Data extracted from a collection:
Segment Open
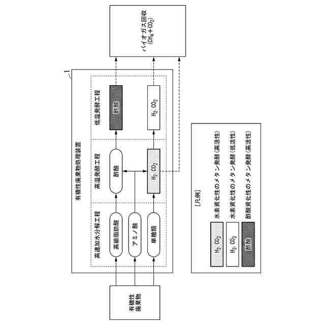 (1):この発明の一態様に係る有機物処理装置は、有機物を燃料ガスに転換する有機物処理装置であって、前記有機物と水とが混合した高温高圧の条件下で前記有機物を加水分解処理する加水分解処理装置と、前記有機物を発酵させることにより前記燃料ガスを生成する発酵槽と、前記加水分解処理装置の圧力を蓄積する圧力蓄積装置と、を備える有機物処理装置。
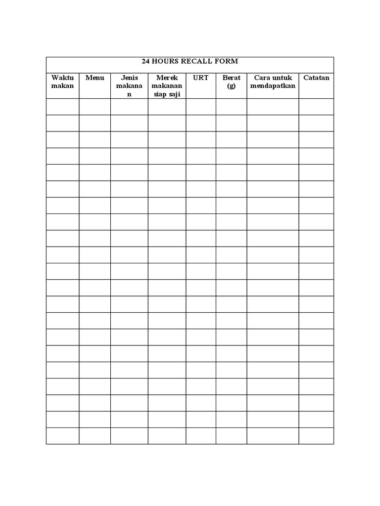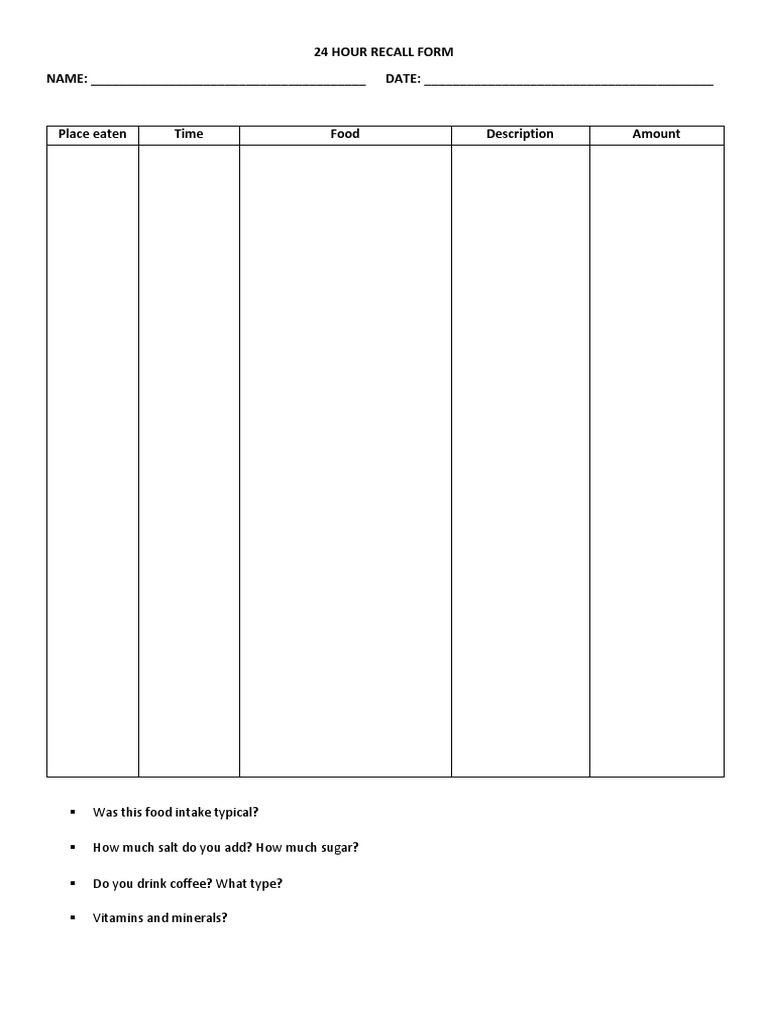 24 Hour Recall Form - Exact amounts of food groups vary according to gender, age, and activity level. See www.choosemyplate.gov for a customized food. Please write down everything you ate and drank (including all meals, snacks, drinks, “nibbles”, sweets, etc.) in the last 24 hours,.
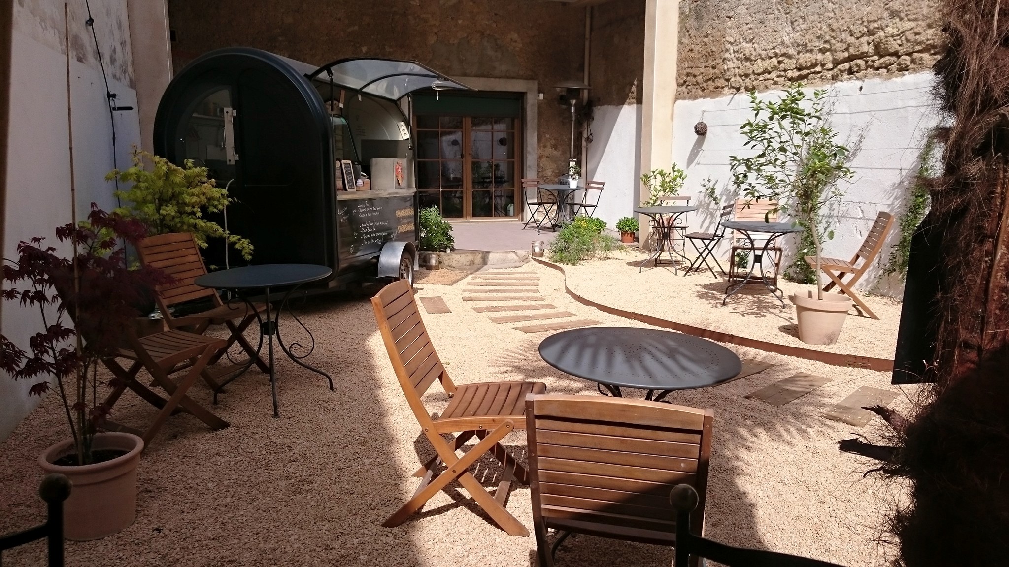 Durant les beaux jours, il se pose dans la cour d’un hôtel particulier du centre du village, à déguster sur place ou à emporter !
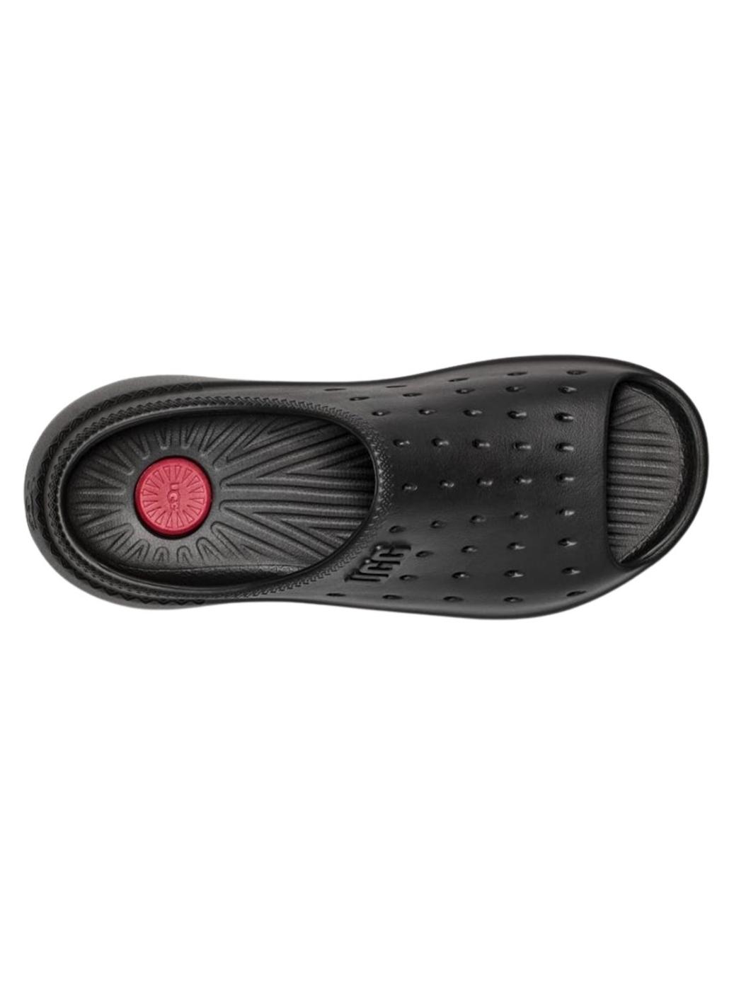 Chinelos UGG. Modelo Slide It. Cor preto. Detalhes perfurados. Sola de Eva. Logotipo na palmilha. Palmilha de espuma de dupla densidade. Sola de espuma.
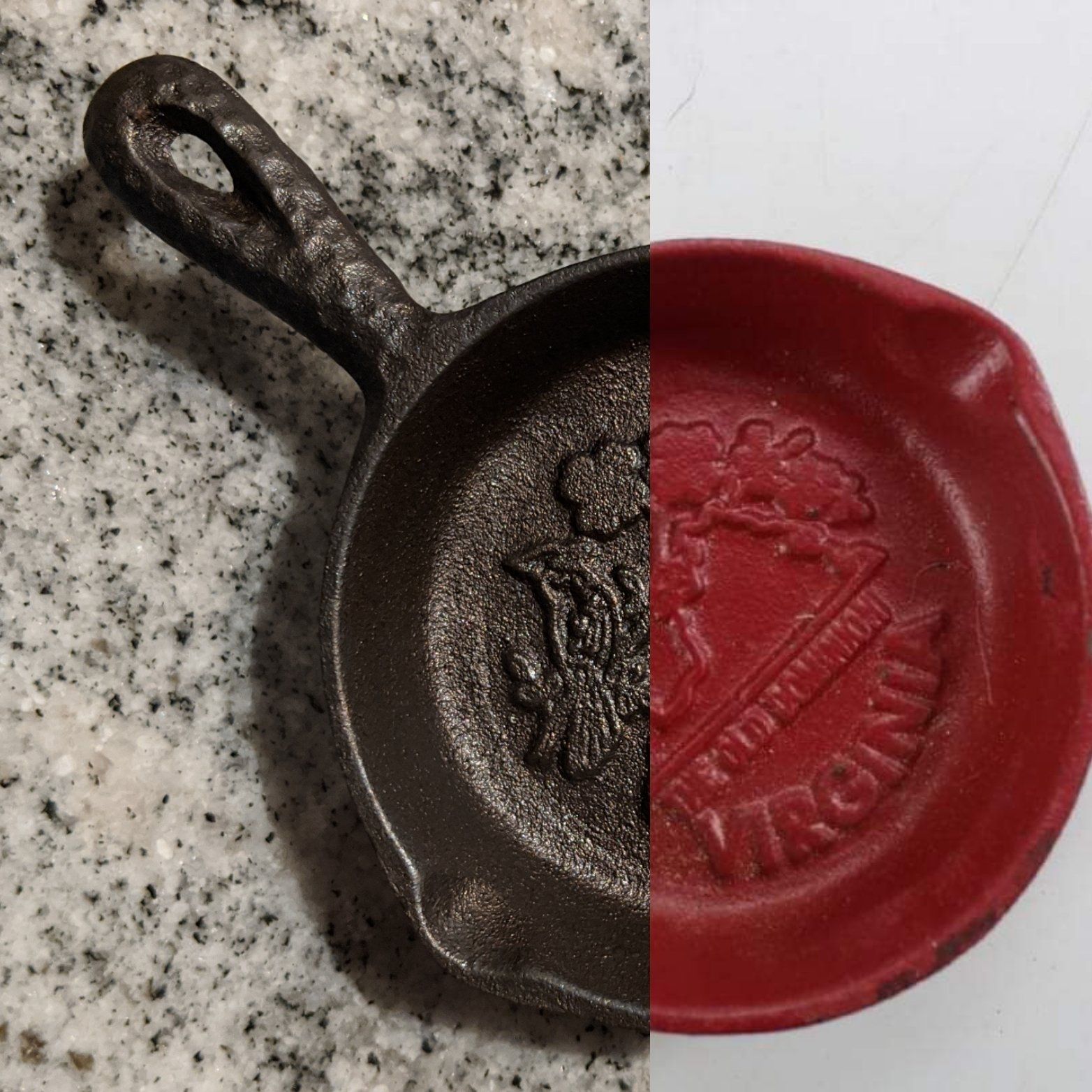 Cleaning cast iron will sometimes reveal issues that are unseen while still dirty. Examples include: hairline cracks, staining, pitting, tool/grind marks, and fire damage. When issues are discovered during cleaning we will contact you immediately to discuss whether or not to continue. Since these issues are hidden we cannot be held responsible for discovered damage. If issues are discovered at any point in the cleaning process and seasoning is not performed, there will be no charges. If you choose to continue on with the remainder of cleaning and seasoning all charges will be payable.
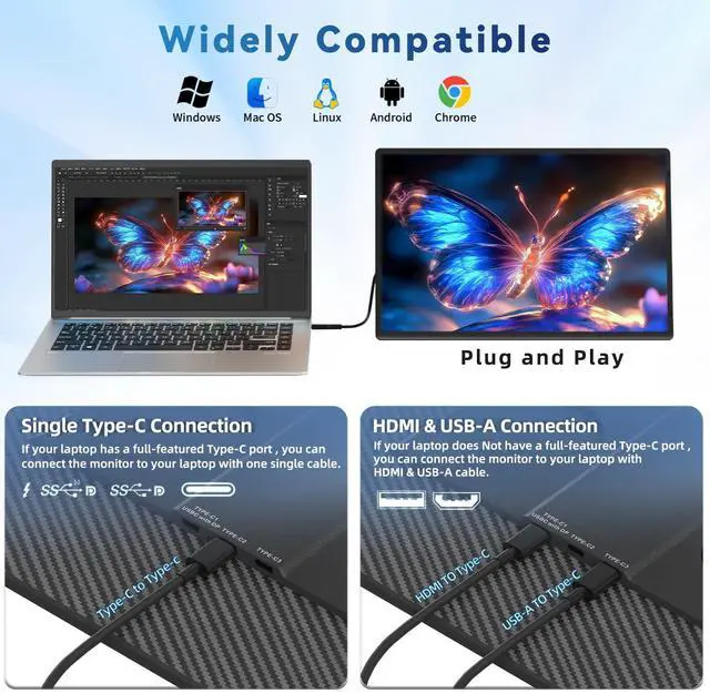 Plug & Play Convenience: No drivers needed! This monitor portable works instantly via USB-C/HDMI, making it a seamless portable monitor for laptop, PC, or gaming consoles. 1 full featured USB-C port or 1 HDMI port is needed. For full featured USB-C, 1 USB-C to USB-C cable connect to TYPE-C2/C3 port to use; For HDMI port (2 cables needed), HDMI to USB-C cable connect laptop HDMI port to TYPE-C1 with DP port for signal, and another cable connect laptop to TYPE-C2/C3 port for power to use ^^
Segment Closed
→ AIM OF THE EXERCISE
Reproduce exactly and only the lines from the line that contains "24 Hour Recall" to the end of the data above, both ends included. No pictures go in the copy.

→ TASK RESULT
 24 Hour Recall Form - Exact amounts of food groups vary according to gender, age, and activity level. See www.choosemyplate.gov for a customized food. Please write down everything you ate and drank (including all meals, snacks, drinks, “nibbles”, sweets, etc.) in the last 24 hours,.
 Durant les beaux jours, il se pose dans la cour d’un hôtel particulier du centre du village, à déguster sur place ou à emporter !
 Chinelos UGG. Modelo Slide It. Cor preto. Detalhes perfurados. Sola de Eva. Logotipo na palmilha. Palmilha de espuma de dupla densidade. Sola de espuma.
 Cleaning cast iron will sometimes reveal issues that are unseen while still dirty. Examples include: hairline cracks, staining, pitting, tool/grind marks, and fire damage. When issues are discovered during cleaning we will contact you immediately to discuss whether or not to continue. Since these issues are hidden we cannot be held responsible for discovered damage. If issues are discovered at any point in the cleaning process and seasoning is not performed, there will be no charges. If you choose to continue on with the remainder of cleaning and seasoning all charges will be payable.
 Plug & Play Convenience: No drivers needed! This monitor portable works instantly via USB-C/HDMI, making it a seamless portable monitor for laptop, PC, or gaming consoles. 1 full featured USB-C port or 1 HDMI port is needed. For full featured USB-C, 1 USB-C to USB-C cable connect to TYPE-C2/C3 port to use; For HDMI port (2 cables needed), HDMI to USB-C cable connect laptop HDMI port to TYPE-C1 with DP port for signal, and another cable connect laptop to TYPE-C2/C3 port for power to use ^^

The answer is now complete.